15th
Oct
2014

Posted in Kafevend Blog

1.Who is the Victoria sponge named for?

C-Queen Victoria: As we know from Queen Victoria's present of chocolate to her troops during the Boer War, she was a woman with a sweet tooth and it was one of the Queen's own ladies in waiting, Anna Duchess of Bedford who invented the concept of afternoon tea. Encouraged to hold her own tea parties in order to raise her spirits in the dark years following Prince Albert's death, the Queen set a trend which soon gained momentum amongst those who wished to emulate her. Naturally, the centre piece of many such an occasion, the traditional sponge cake sandwiched together with jam and cream, became known as a Victoria Sponge or Sandwich.

2.Which two colours traditionally feature in a Battenburg cake?

B-Pink and yellow: The pink and yellow chequered pieces are sandwiched together with apricot jam and held in place by the marzipan around the outside. It's popularly believed that this type of cake got its name as a result of the marriage of Prince Louis of Battenburg to Princess Victoria in 1884, at which the cake was presumably served. However, it seems we're being short changed these days, as early recipes call for nine alternately coloured sections rather than four. Imagine the patience needed to piece that together!

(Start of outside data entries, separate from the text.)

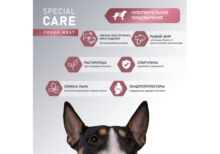 Сбалансированный полнорационный сухой корм со свежим мясом ягненка с добавлением спирулины и розмарина - это функциональное питание для взрослых собак всех пород, которое поддерживает баланс микрофлоры кишечника и улучшает пищеварение, обеспечивая комплексную заботу о здоровье вашего питомца на долгие годы.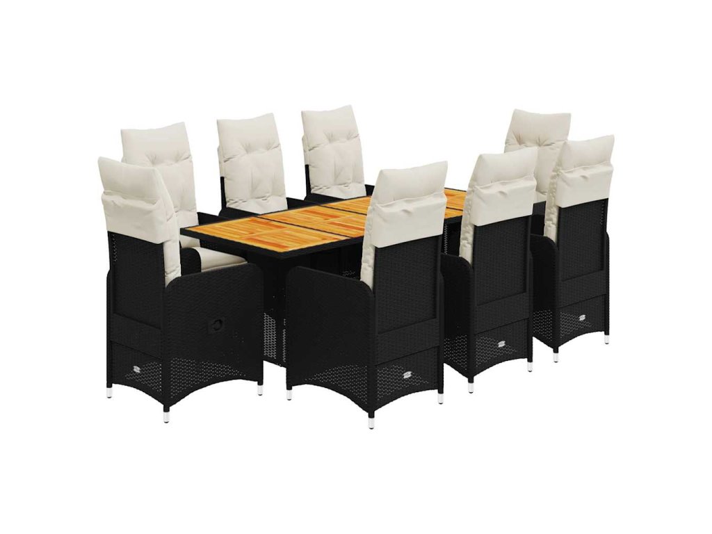 9dílný zahradní bistro set s poduškami černý polyratan 3276985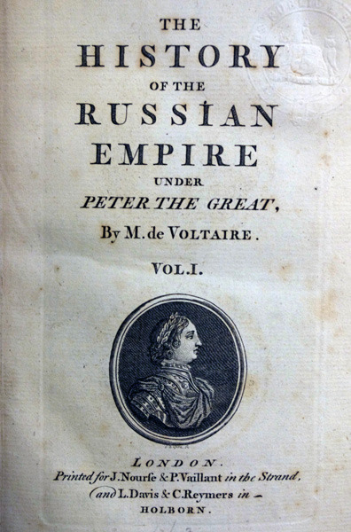 A French enlightenment writer, Voltaire’s 1763 ‘History of the Russian Empire under Peter the Great’ vol. 1 begins with the Preface: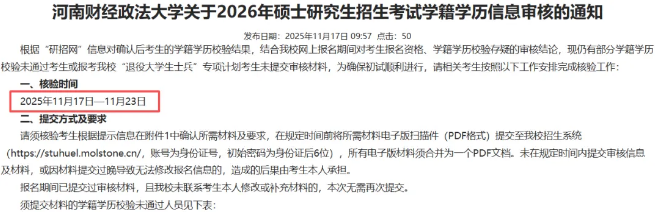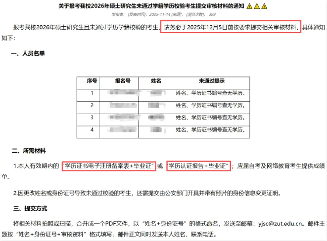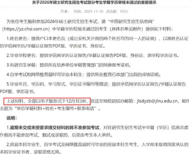 报考该校研究生未通过学历学籍校验的考生,应于2025年12月5日之前按要求提交相关审核材料。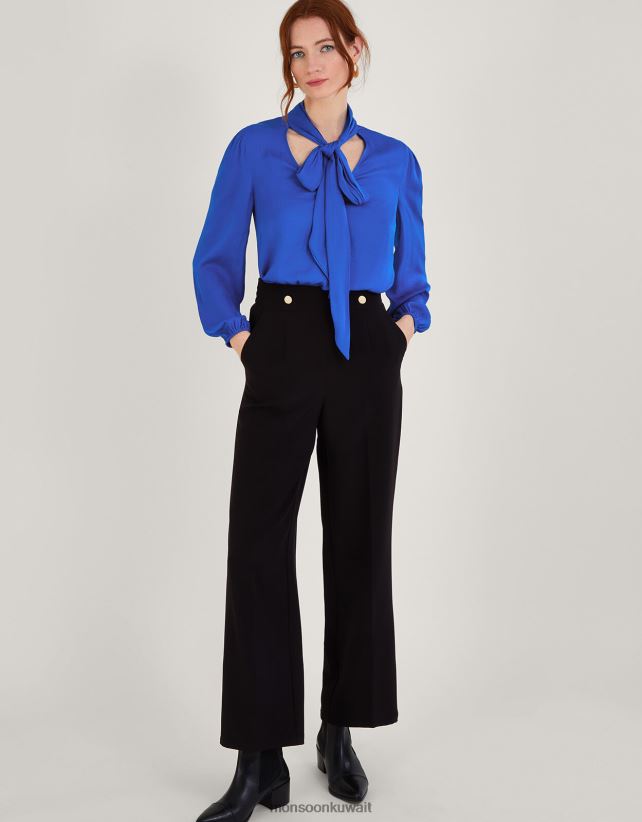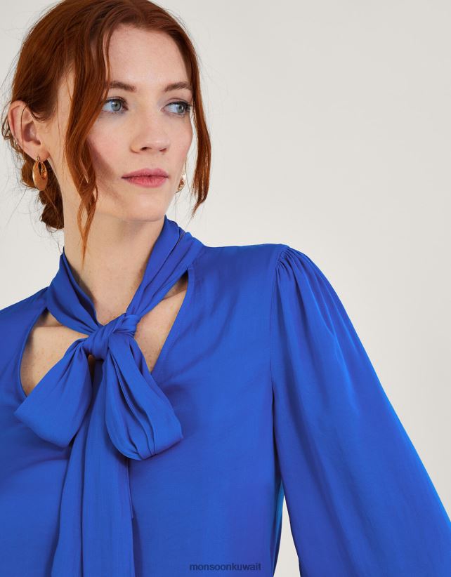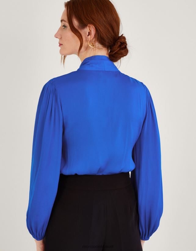 بلوزة كاتي من الساتان مع بوليستر معاد تدويره ملابس الأزرق (الكوبالت) Monsoon نحيف N4BV8X751 - Monsoon kuwait online shopping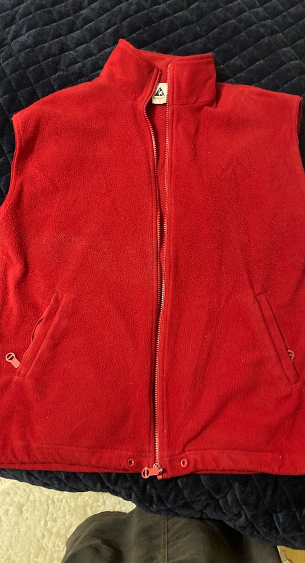 Kırmızı fermuarlı, yüksek yakalı, kolsuz erkek polar yelek. Fermuarlı cepleri ve normal uzunluğu ile günlük kullanım için uygundur. Biraz tüylenme var 5 beden yazıyor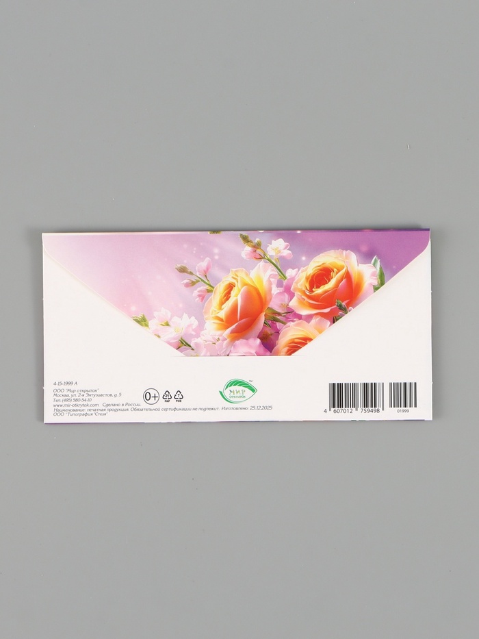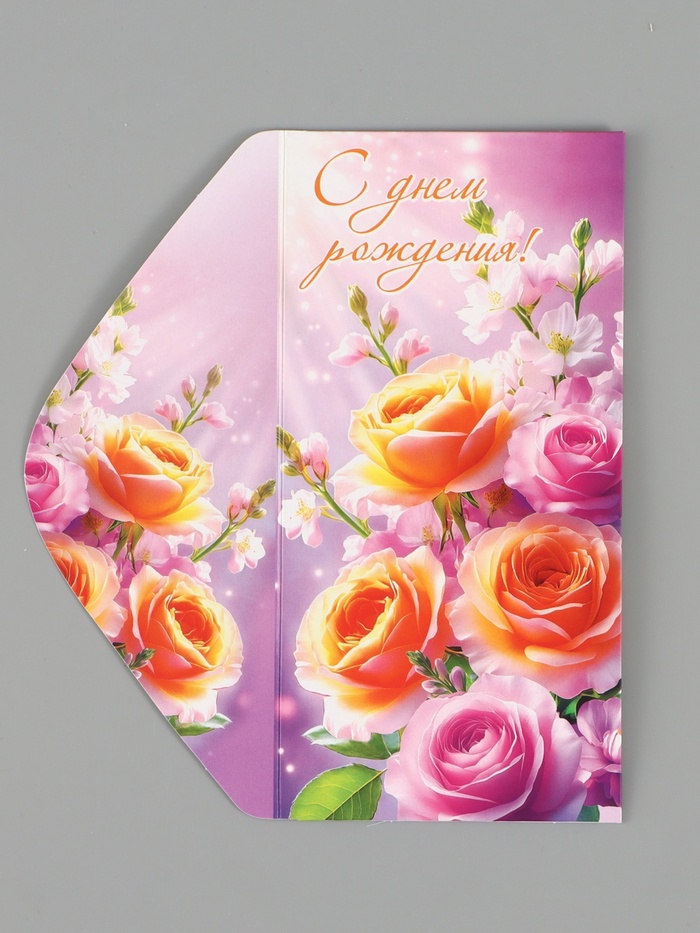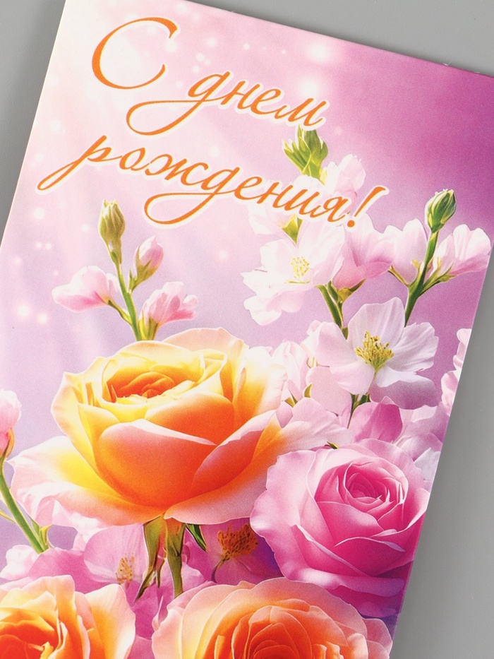 Конверт для денег «С днём рождения!», жёлтый/сиреневый, 16.5×8 см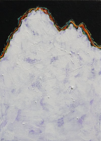 옅은 화이트색을 덮어 공기의 느낌을 표현하고 있습니다. 겹겹이 산은 하나하나 멀어질수록 공기로 한 층 옅어지는데요. 어려서 가족여행을 다니다보면 산이 많은 우리나라에서 흔히 볼 수 있는 산 색의 그라데이션을 너무 좋아하였고 그런 감성이 마음속 깊이 자리하고 있던 것이 이제 작품의 표현으로 꺼내져 나온 것 같습니다.
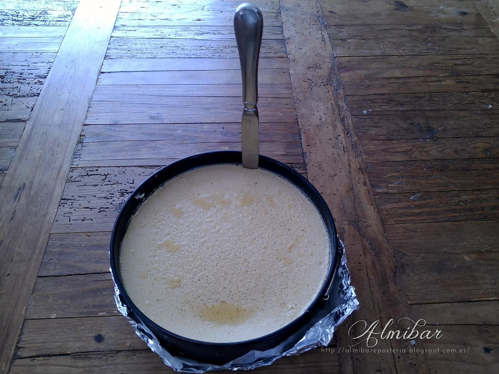 ...preparas la receta del cheesecake, obvias la base de galleta con mantequilla...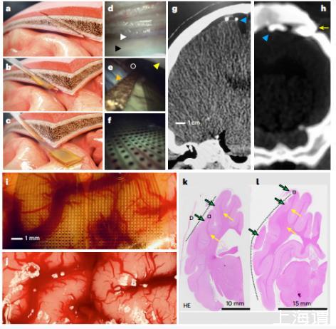 圖2:闡述了神經接口植入在動物模型中的安全性和可逆性,通過“顱骨微切口”技術進行植入,并展示了植入后的效果和組織反應。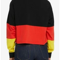 Add some more Disney magic to your wardrobe with the one and only Mickey Mouse! This long-sleeve cropped polo top features an embroidered patch of Mickey Mouse on the chest, with color blocking inspired by his signature colors on the sleeves and under the bust. Comes with contrast button placket and drop shoulders for an oversized look.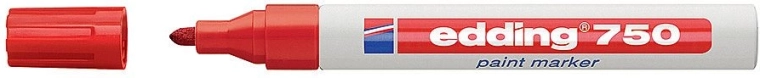 Marqueur à laque universel edding 750 en rouge intense pour le marquage sur presque tous les matériaux, y compris les surfaces sombres et translucides. Il possède un corps en aluminium résistant, une encre à séchage rapide et hydrofuge, résistante à la lumière et aux températures élevées, ainsi qu’aux acides et bases. La pointe remplaçable assure une longue durée de vie. Largeur de trait 2–4 mm.

3.From which part of the UK does Bara Brith originate?

D-Wales: Bara Brith is a Welsh tea bread; the fruit and sugar is typically left to soak in tea overnight. Its name translates as speckled or mottled bread, the speckled nature being thanks to the currants and raisins of course. Nineteenth century Welsh immigrants to Argentina continued to make Bara Brith and it can still be found there today in Welsh tea houses where it's badged as Torta Negra, or Black Cake.

4.What are Nutty Flips more commonly known as?

C-Flap Jacks: In North America a Flap Jack is another name for a pancake or griddle cake, which does seem appropriate once you realise that the flap part of the name originated from the term for flipping something over. How our oven baked product, which definitely doesn't get flipped over, ended up with the same name is a matter for conjecture, and the mystery only deepens on discovering that Nutty Flip is an alternative name for the Flap Jack in parts of the north of the UK. Best just enjoy that chewy texture and sweet, buttery taste!

5.Who said 'Let them eat cake'?

A-Marie Antoinette: This is the correct answer if popular myth is to be believed, but it's fairly likely that the flippant remark was attributed to her falsely so as to tarnish her reputation as a leading member of the hated aristocracy. In his autobiographical writings, the eighteenth century philosopher, Jean-Jacques Rousseau cites option B- Marie-Thérèse, the queen consort of an earlier  King Louis, as the originator of the famous saying.

6.Which liqueur is traditionally used in a Black Forest Gateau?

B-Kirsch: Distilled from cherries and their stones, Kirsch is the liqueur used to give the cake its alcoholic twang. Black Forest Gateau is a translation from the German, Schwarzwälder Kirschtorte. The German name was coined not for the Black Forest mountain range itself, but for the region's liqueur, Schwarzwälder Kirsch.

7.When did Mr. Kipling start selling cakes?

C-1967: Mr Kipling cakes have become something of an institution in shops and supermarkets up and down the country, as has their long running advertising slogan – 'exceedingly good cakes'. The company have retained a lead in the market since 1976 with favourites such as French Fancies and Bakewell Tarts.

8.Where did The Great British Bake Off's Mary Berry grow up?

A-Bath: Mary Berry was born and bred in Bath. She discovered her aptitude for baking at Bath High School and during her first job at the Bath Electricity Board Showroom, she used her talent for making Victoria Sponges to demonstrate to customers how to use their new cookers!